**Information shown:**

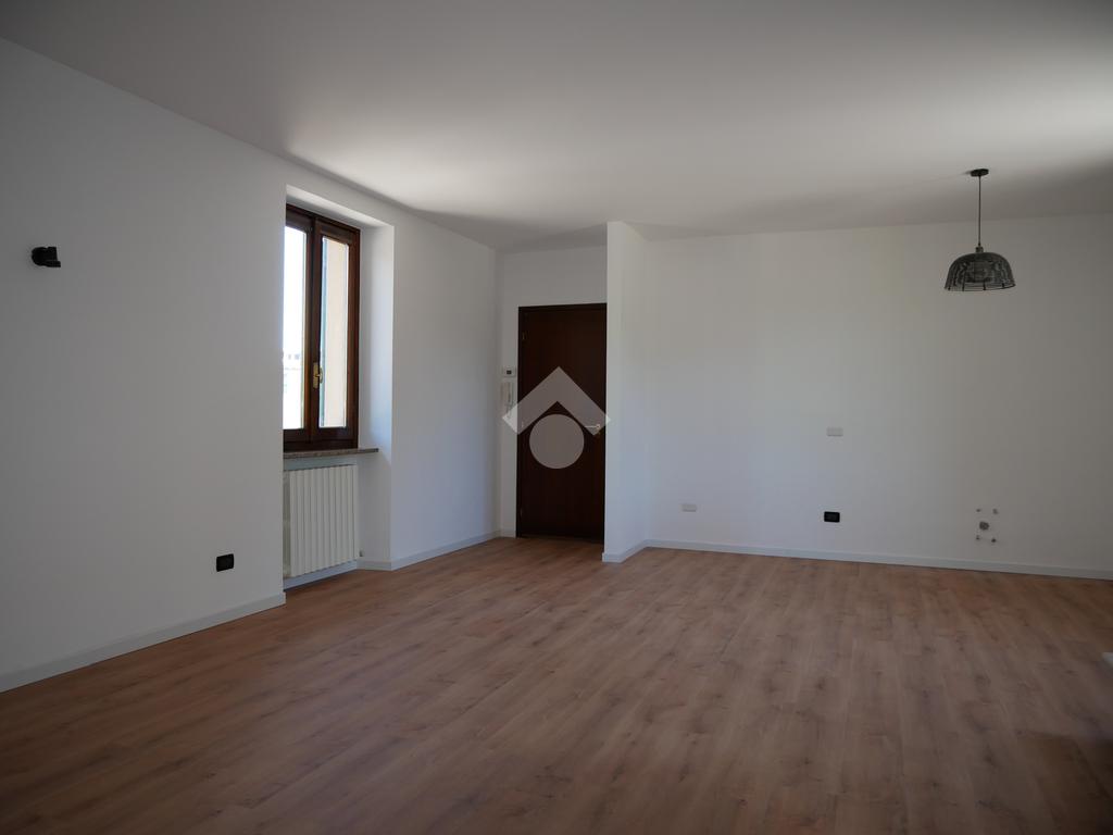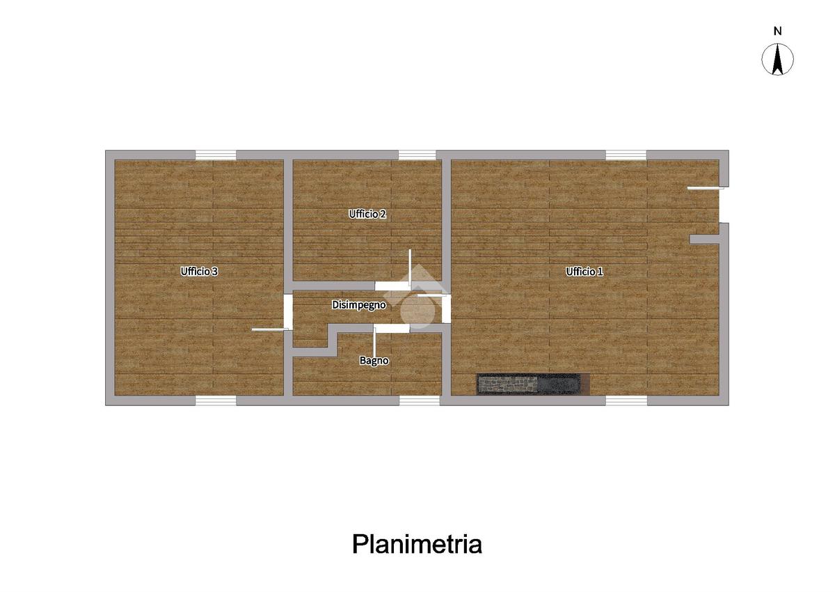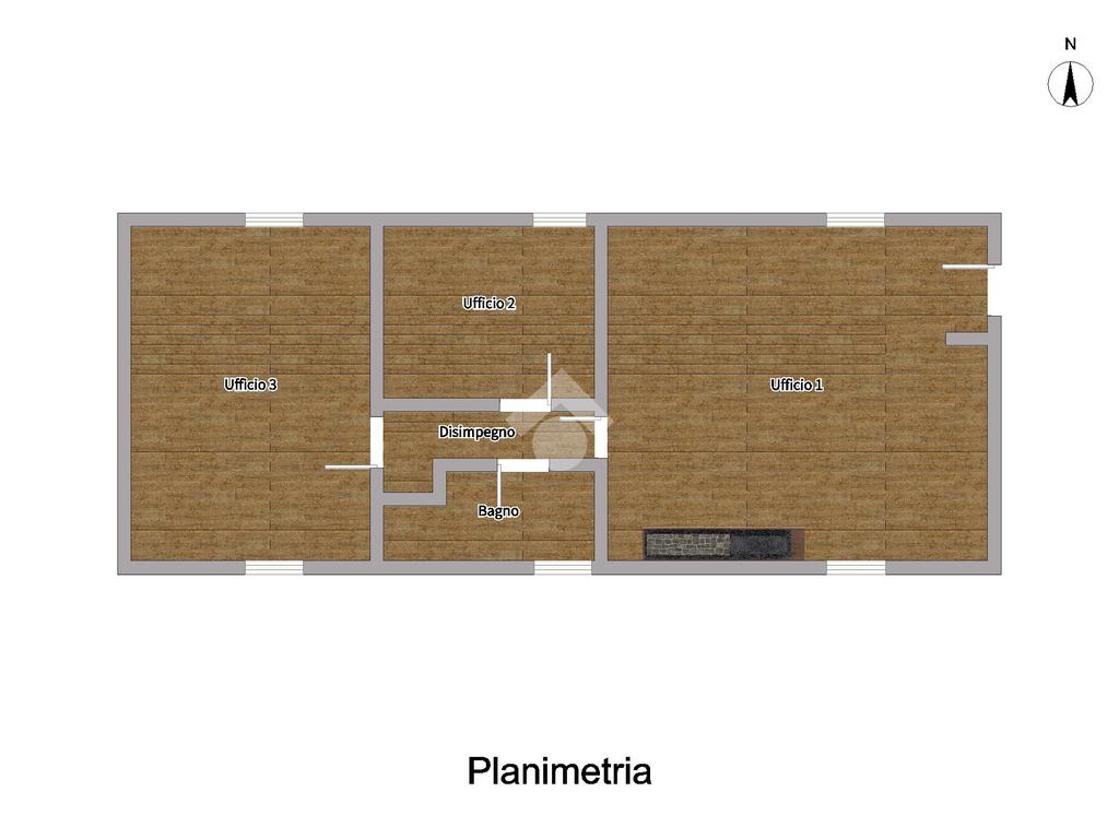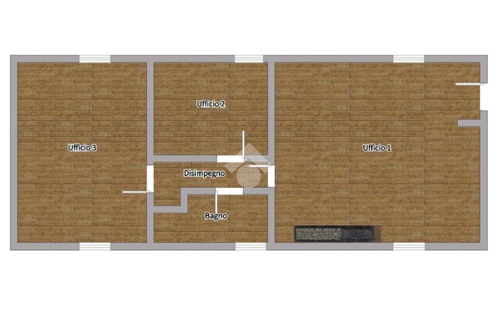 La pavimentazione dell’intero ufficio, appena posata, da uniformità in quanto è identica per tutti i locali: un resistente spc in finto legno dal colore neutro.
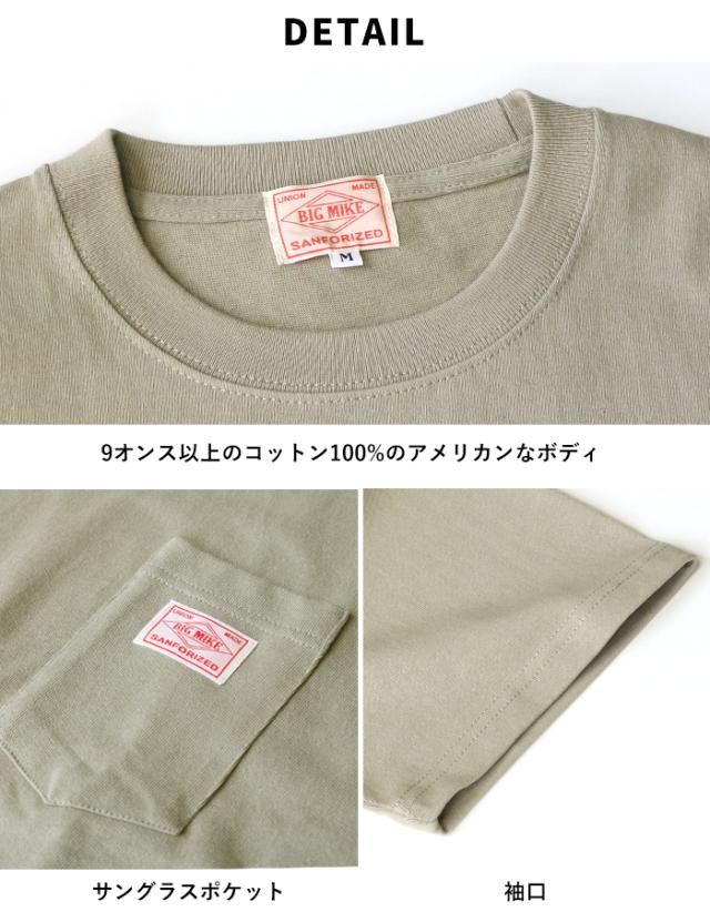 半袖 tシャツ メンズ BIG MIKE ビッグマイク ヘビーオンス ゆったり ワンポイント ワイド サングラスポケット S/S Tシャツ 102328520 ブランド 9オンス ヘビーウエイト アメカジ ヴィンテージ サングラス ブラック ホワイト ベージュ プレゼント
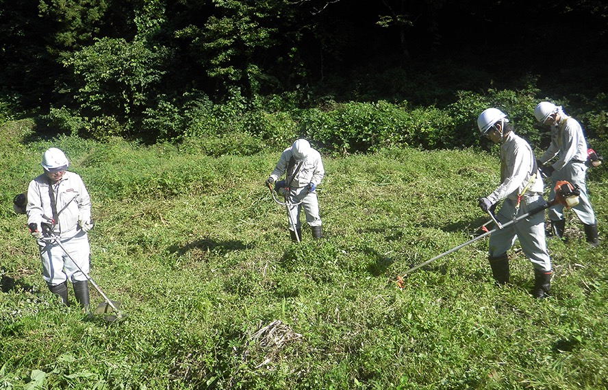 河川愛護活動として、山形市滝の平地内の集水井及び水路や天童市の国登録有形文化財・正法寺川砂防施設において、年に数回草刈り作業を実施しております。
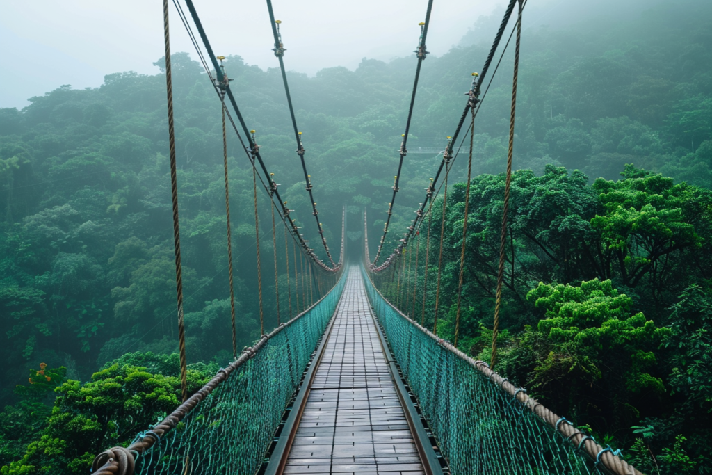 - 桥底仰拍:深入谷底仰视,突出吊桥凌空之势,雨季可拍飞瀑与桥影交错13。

**Task brief:** Repeat word for word the lines from the one holding "半袖 tシャツ メンズ" through the last line of the listing above, including both ends. Drop the pictures.

**Task output:**
 半袖 tシャツ メンズ BIG MIKE ビッグマイク ヘビーオンス ゆったり ワンポイント ワイド サングラスポケット S/S Tシャツ 102328520 ブランド 9オンス ヘビーウエイト アメカジ ヴィンテージ サングラス ブラック ホワイト ベージュ プレゼント
 河川愛護活動として、山形市滝の平地内の集水井及び水路や天童市の国登録有形文化財・正法寺川砂防施設において、年に数回草刈り作業を実施しております。
 - 桥底仰拍:深入谷底仰视,突出吊桥凌空之势,雨季可拍飞瀑与桥影交错13。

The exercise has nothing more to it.